Hi beth, I have the same experience with partial participation. You get a sphere impression, but don't get much out of it. That's why I don't like twitter streams from events where I'm not participating. I wonder though whether it makes sense to real multi-taskers?

Beth

What I wonder is how we can improve the quality of the real-time information so it does make sense? 

Beth

reposting Joitske excellent comments here so I don't loose it in my email box

---------- Forwarded message ----------
From: Joitske Hulsebosch


hi, yes, that's puzzling me too. We tried to do a twitter report by having people answer the question: what idea or insight or question do you take away from your workshop session? For the twitterers this was weird, they are used to 'free twittering'. For the non-twitterers it took a lot of persuasion to take them to the twitter table that we set up (some said: yes, I can answer that question, but NO, I don't want to twitter :). I have the impression it doesn't make a lot of sense to them.


If you'd do that AND have someone pull out the interesting things, maybe that could work?

cheers, Joitske

ps did you hear we have a we are media session here with a group of nonprofit consultants in Amsterdam? Petra Kroon is one of the organisers and she invited me!



Robin Mohr

I think the benefit of real time web tools is not for people who need to be at two conferences at once, but to enrich the experience for people who couldn't get to even one conference or meeting.
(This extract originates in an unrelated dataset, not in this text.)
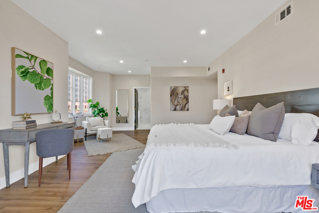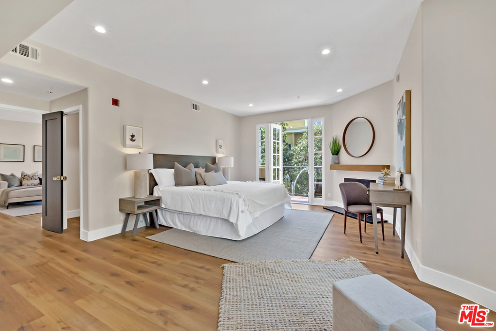 Spectacular and completely remodeled single-leveled condo. Featuring pristine & modern finishes. 2 bd + 2 bath + bonus office or exercise room. Open floor plan. High ceilings. Gas fireplaces. Floor-to-ceiling french doors that open to private balconies making this the perfect place to live and entertain in style. Everything completely remodeled w/ new countertops, cabinetry, Italian tiles, flooring, and much more. Smart home ready. Spacious master bedroom with huge walk-in closet, updated en-suite bathroom, double sink vanity and custom glass enclosed shower. Second bedroom w/ remodeled bath. Bonus office space or gym perfect for working from home or exercising. 3 tandem parking in gated garage. Electric car charger ready. Condo building has only 4 floors-- 2 condos per floor; only 8 owners total. Only one shared wall with neighbor. Bright and airy feel with windows on 3-sides of the condo. HOA amenities include water, trash, pristine common areas, a pet-friendly policy, and earthquake insurance. Condo building remodeled in 2019, including full elevator upgrade. Low HOA dues, guest parking, Controlled Access Building. Fabulous location in Westwood is a short walk to trendy shops, restaurants, UCLA and Equinox gym right across the street. Must See & Move-in Ready.

For my nonprofit, the costs of travel (in dollars and in environmental impact) are becoming more of an obstacle for our members, who have traditionally participated in a rich series of in-person meetings across the state of California.

The first step away from needing to be in the same room was the conference call, but people complained that 1)it lacked the ability to make sure people were looking at the same documents, 2)it is hard to interact with more than a handful of people on the phone, and 3) there wasn't enough personal connection. They couldn't see each other's faces, read their body language, interact in the margins (you can't whisper your funny side comment to the person sitting next to you on a conference call) or informally network with people before and after the working sessions (if you're not in the same room, you don't casually run into people you wanted to talk to).

Now the webinar format is conquering the problem of getting everyone the same presentation slides or documents to look at. But it's still largely one way communication, and still difficult for more than a few people to have any interaction.

I think that the backchannel and real time web tools will fill those gaps. For example, quickly IMing your snarky comments to a friend or tweeting something you think is valuable to the group but not worth interrupting the speaker for. The more of the personal interaction we can create for people who are not physically in the same room, the more benefit they will get out of alternative/electronic meeting formats.

The adoption curve will take time but the impetus is coming from several directions. As people get more used to the tools, they will be better able to use them, and as the technology improves, based on actual usage, the tools will become inherently more useful. As more people prefer not to or can not travel, they will feel like they have to accept alternative meeting formats, and as the tools improve, electronic meetings will get more like in-person meetings and that will make people like them more.

Martin Kelley

For me, the eye-opening moment was planning a conference with Robin and one other person. The three of us knew each other pretty well and had all met one one-on-one but had never all three been in the same room together. A month to go we scheduled a conference call.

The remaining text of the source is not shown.